Here, we demonstrate an efficient gradient extraction method for ZO optimization of complex (viz., multi-parameter and nonlinear) physical systems in general, and electronic systems in particular. We refer to our method as homodyne gradient extraction (HGE), as we use homodyne (or lock-in) detection32 to frequency-selectively determine the response to sinusoidal perturbations on all input parameters of the system at the same time, allowing us to extract the gradients of the system response to the respective parameters. By exploiting the advantages of lock-in detection, gradients can be accurately extracted in a noisy system, even with a dominant 1/f-like contribution, and for multiple parameters in parallel without loss in accuracy. Moreover, HGE can in principle be fully realized in electronics, i.e., without digital signal processing, enabling on-the-fly optimization without external support.
We found HGE to perform quick and robust gradient evaluations, allowing us to train nanoelectronic devices with a significant gain in terms of both speed and accuracy compared to the FD method. For the devices considered here, HGE presents a gain in terms of time proportional to the number of parameters to be optimized, while the variance of the obtained gradient is shown to be about two orders of magnitude smaller, thanks to the particular suitability of our approach for noisy systems, specifically for systems characterized by 1/f-like noise.
Results
General concept of HGE
The general HGE concept is schematically presented in Fig. 1a for an arbitrary multi-parameter system represented by the function h(z, w) with N inputs represented by the vector z (z1, …, zN) and M optimizable parameters represented by the vector w (w1, …, wM). We assume that the system lacks an analytical description, so that computing the derivatives with respect to the optimizable parameters is not possible. Instead, only direct system evaluations are possible, which are assumed to be inherently noisy (e.g., due to thermal or 1/f-like noise). Now, to optimize the system, a loss function E(w) is defined, quantifying the difference between the actual system output h(z, w) and the desired output. Since E(w) inherently depends on h(z, w), which in turn depends on the parameters w, optimizing E(w) requires the computation of its gradient with respect to w. According to the chain rule, this gradient can be expressed as a product of two terms: the derivative of E(w) with respect to the output, \(\partial E/\partial h\), and the derivatives of the output with respect to each parameter wm, collectively forming the gradient \(\partial h/\partial {w}_{m}\). The essence of HGE is that \(\partial h/\partial {w}_{m}\) does not need to be calculated using an analytical description of the system, but instead can be straightforwardly approximated using homodyne (or “lock-in”) detection. Perturbations δwm(t) = αm sin(2πfmt + φm) are added to all parameters wm in parallel, where each perturbation has a distinct frequency fm and phase φm, and optionally a distinct amplitude αm, and the corresponding changes in h(z, w + δw) are measured (Fig. 1a). By using distinct frequencies and/or phases, we can extract each signal independently through the lock-in detection principle, as long as the frequencies fm are sufficiently separated (see below).

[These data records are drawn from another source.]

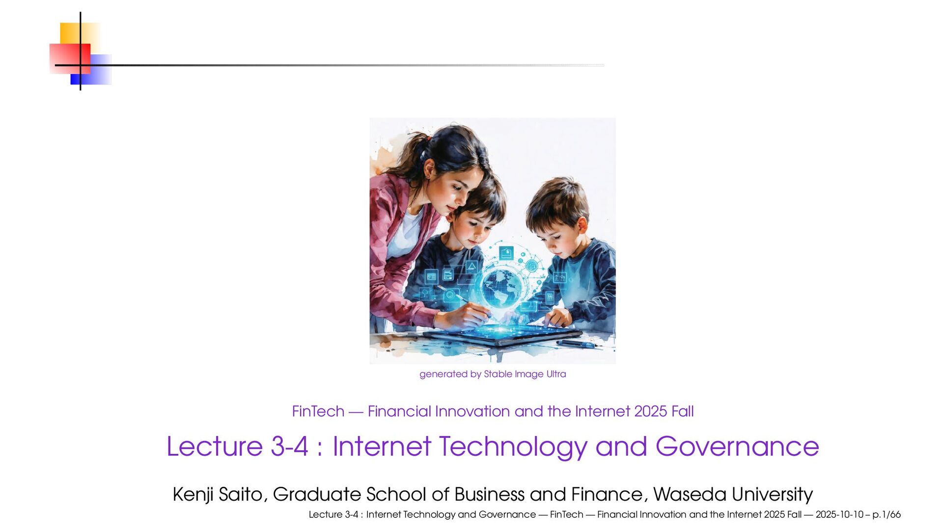 the Internet 2025 Fall Lecture 3-4 : Internet Technology and Governance Kenji Saito, Graduate School of Business and Finance, Waseda University Lecture 3-4 : Internet Technology and Governance — FinTech — Financial Innovation and the Internet 2025 Fall — 2025-10-10 – p.1/66
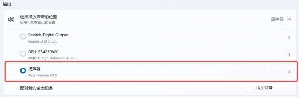 选错了输出设备,声音并没有从预期的输出设备播放,尝试从输出设备列表中选择正确的输出设备
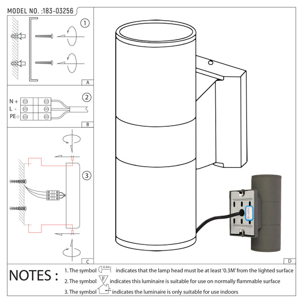 Настенный светильник LED 312G (2×GU10, тёмно-серый, IP54)
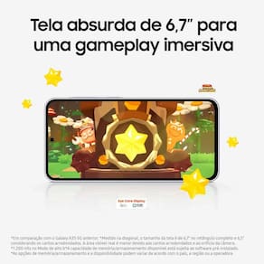 Características: Marca: Samsung Modelo: Galaxy A36 5G Processador: Qualcomm | Snapdragon 6 Gen 3 Memória Interna: 128 GB Memória RAM: 6 GB Recursos da Tela: Tela 6.7 120Hz Quantidade de Câmeras Traseiras: 3 Recursos da Câmera: 50MP + 8MP + 5MP Resolução da Câmera Frontal: 12MP Formatos de Gravação de Vídeo: UHD 4K (3840 x 2160) | @30fps Resolução de Vídeo: UHD 4K (3840 x 2160) | @30fps Zoom Digital (x): Zoom Digital até 10x Capacidade da Bateria: Bateria de 5000mAh Tecnologia: 2G, 3G, 4G e 5G Conexões: Bluetooth v5.3 / Conexão Wi-Fi / Roteador Wi-Fi / NFC Sistema Operacional: Android Tipo de Conector: USB Type-C Tipo de Chip: Nano-SIM (4FF) Quantidade de Chips: 2 Código da Homologação: 107352400953
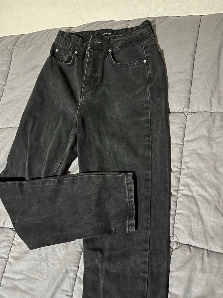 Düğmeli kapanışa sahip siyah bol kesim denim pantolon,. Günlük rahat kullanım için uygundur
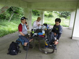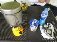 国見岩コースで下山 13時32分 約1時間の昼食タイムで体力回復。 H君はカレーどん兵衛がマイブームらしい。 今度真似してみよう! M君のドリップコーヒー、H君のお菓子の差し入れなどでティータイムも充実。 満腹になったら睡魔が襲ってきた。 残念ながらY君は用事があってケーブルカーで一足先に下山することに・・・。 |
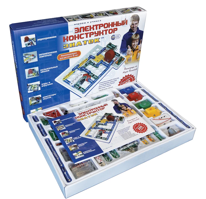 Электронный Конструктор Знаток (320 схем) позволяет ребенку своими руками создавать радиоприемники, музыкальные звонки, охранные сигнализации, имитаторы звуков, автоматические осветители, а также забавные игры и игрушки. Даже без помощи взрослых, используя только очень понятное цветное руководство, ребенок сможет собрать 320 электросхем, позволяющих на практике освоить азы управления светом, звуком, электричеством и водою.
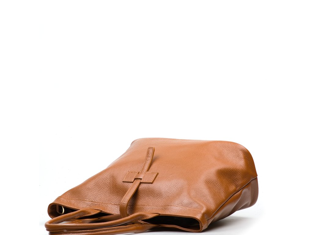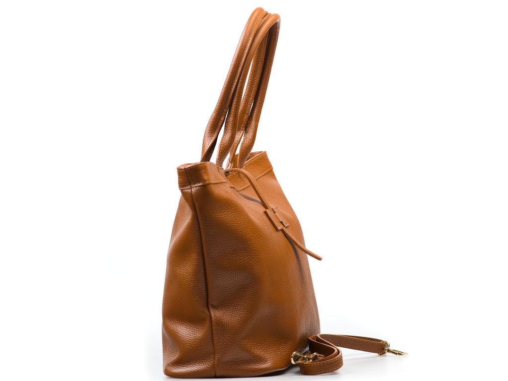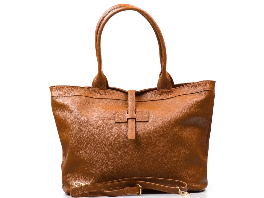 Kožená shopper kabelka do ruky i přes rameno v koňakově hnědé barvě. Díky vnitřnímu zapínání karabinou je možné kabelku nosit ve čtvercovém provedení nebo sepnutou. Součástí kabelky je přídavný popruh s karabinami. Interiér kabelky má k dispozici jednu hlavní úložnou kapsu a malé po bocích. Kabelka se uzavírá zipem a koženým páskem.

a (1) Small sinusoidal signals (with frequencies [f1, …, fM], amplitudes [α1, …, αM], and phases [φ1, …, φM]) are added to the parameters w. The output h(z, w + δw) (red curve) is affected by each distinct sinusoidal perturbation δw. (2) The in-phase and quadrature components (X and Y) of the modulation of h for each frequency fm are recovered by using the principle of homodyne (lock-in) detection. These magnitudes are divided by the amplitudes of the corresponding perturbations (vector α), extracting the derivatives of the output with respect to each parameter, \(\left[\partial h/\partial {w}_{1}^{\left(k\right)},\cdots,\partial h/\partial {w}_{M}^{\left(k\right)}\right]\), in iteration step k. (3) The approximated gradient in step k along with the derivative of the loss with respect to the output current, \(\partial E/\partial h\), is used to update the parameters during the gradient descent. b Schematic representation of HGE in the frequency domain to extract the gradient from the spectral power density S(f), with the shading indicating the noise spectrum. Distinct frequencies f1, f2, f3, … with separation Δf are used to perturb multiple parameters in parallel. After mixing the output signal with a reference signal (here shown for f1), the derivative information is extracted from the total signal by removing undesired components at nonzero frequencies (i.e., noise and interference of other input perturbations) using a low-pass filter (blue shaded trapezoid). The horizontal dotted lines indicate the background white noise. c Effect of the magnitude of 1/f noise (expressed in terms of unfiltered noise at 1 Hz, Snoise (1 Hz) on the ability to extract the derivative using FD and HGE in simulation for the function h = 10w (error bars based on 1000 repetitions, α = 0.1, T = 1 s, w = 1 + δw). The variance of the HGE derivative is shown for various perturbation frequencies.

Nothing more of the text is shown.